Why the close Cruz-O'Rourke poll should make the GOP nervous

The perennial speculation about whether Texas could turn blue flared up with fresh legitimacy on Wednesday after ...

Posted: Apr 19, 2018 9:02 PM
Updated: Apr 19, 2018 9:02 PM

The perennial speculation about whether Texas could turn blue flared up with fresh legitimacy on Wednesday after a new poll from Quinnipiac University indicated incumbent Republican Sen. Ted Cruz could have a tight race on his hands.

The survey showed Cruz earning the support of 47% of registered voters vs. 44% supporting his opponent, Democratic Rep. Beto O'Rourke. That topline alone is bad news for the former 2016 presidential hopeful in Texas, where Democrats haven't won any statewide race in a quarter century.

But before Democrats start popping the champagne, the poll lays out some contours of the race that will shape the Lone Star State battle in the months to come. Here's the good news (and the bad) for Cruz and O'Rourke in the Quinnipiac survey.

Good news for Cruz: This poll result came among all registered voters, a traditionally more Democratic-leaning group than likely voters are. But it's possible Democratic enthusiasm could make up some or all of that difference.

Bad news for Cruz: Incumbent Republican Gov. Greg Abbott is ahead by 7 and 9 points in the same poll over his own Democratic opponents, dwarfing Cruz's lead with a margin similar to Donald Trump's in Texas in 2016. So -- this might just be Cruz's problem.

Good news for O'Rourke: Cruz is down 14 points among independents, a group Trump won by the same margin in 2016, according to exit polls. Plus, 59% of independents disapprove of Cruz's job performance and 57% say he doesn't share their values.

Bad news for O'Rourke: O'Rourke holds only a 4-point lead among women, similar to Democratic presidential nominee Hillary Clinton's 2-point win among women on her way to a statewide loss. He'll likely need to grow that to double digits to win in November.

Good news for Cruz: O'Rourke has a lot of name-recognition work to do. A majority of Texas voters -- 53% -- hasn't heard enough about O'Rourke to share an opinion of him.
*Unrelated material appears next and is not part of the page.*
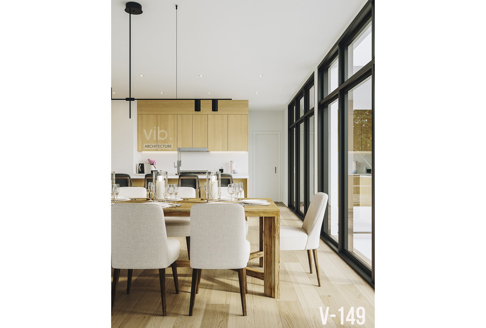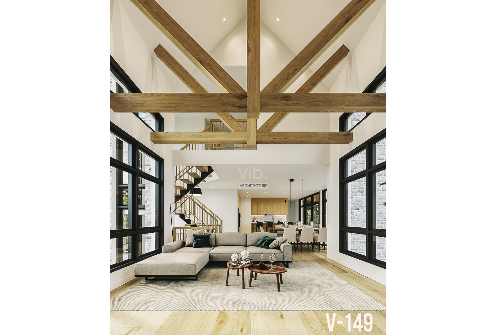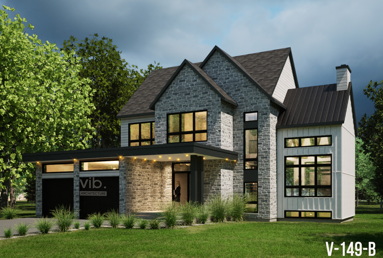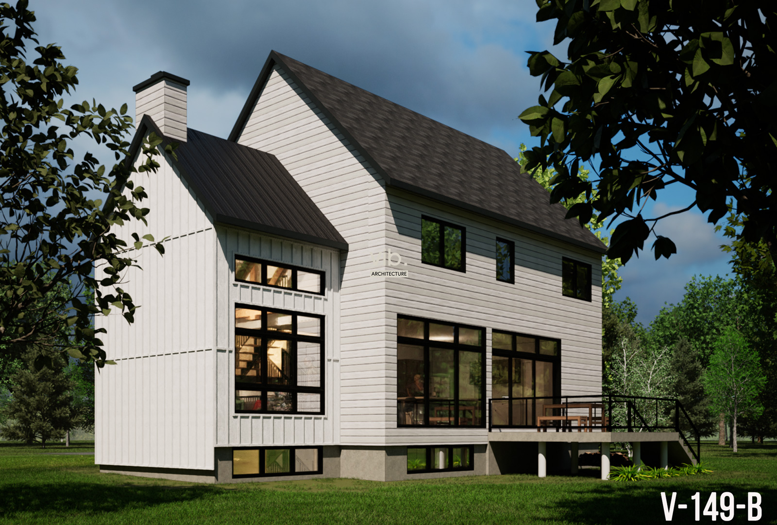 Le plan V-149-B est une version plus abordable du V-149-A. La construction a été simplifiée, et la superficie a été diminuée. Ce plan peut facilement être adapté selon vos besoins. Exemple : toit du garage en pente, déplacer la salle d’eau, agrandir le salon, etc. Les grandes ouvertures de la cuisine et de la salle à manger, ainsi que les fenêtres dans l’escalier contribuent à inonder de lumière cette maison. L’étage peut être réaménagé selon vos désirs.

Bad news for Cruz: Texans like what they see of O'Rourke so far. His favorable numbers with Democrats are a staggering 54% favorable to 2% unfavorable. Independents like him as a person by 3-to-1. Even Republicans are evenly split on that question.

Good news for O'Rourke: Trump's approval rating is underwater: 43% approve and 52% disapprove. Plus, by 3-to-1, independents say their vote is more to oppose Trump than to support him.

Bad news for O'Rourke: People think Cruz would do a better job than O'Rourke on the economy, taxes, immigration and gun policy. They're even virtually tied on health care, a key issue where Democrats have a wide advantage nationally.

Good news for Cruz: Cruz still has his head above water on key personal qualities like honesty, leadership skills and caring about average Texans.

Bad news for Cruz: The groups with the highest share of undecided voters are Hispanics and people under 35 years old, key Democratic groups who will likely come home.

This Quinnipiac University poll was conducted April 12-17 among 1,029 registered voters in Texas. The margin of sampling error is -3.6 percentage points; it is larger for subgroups.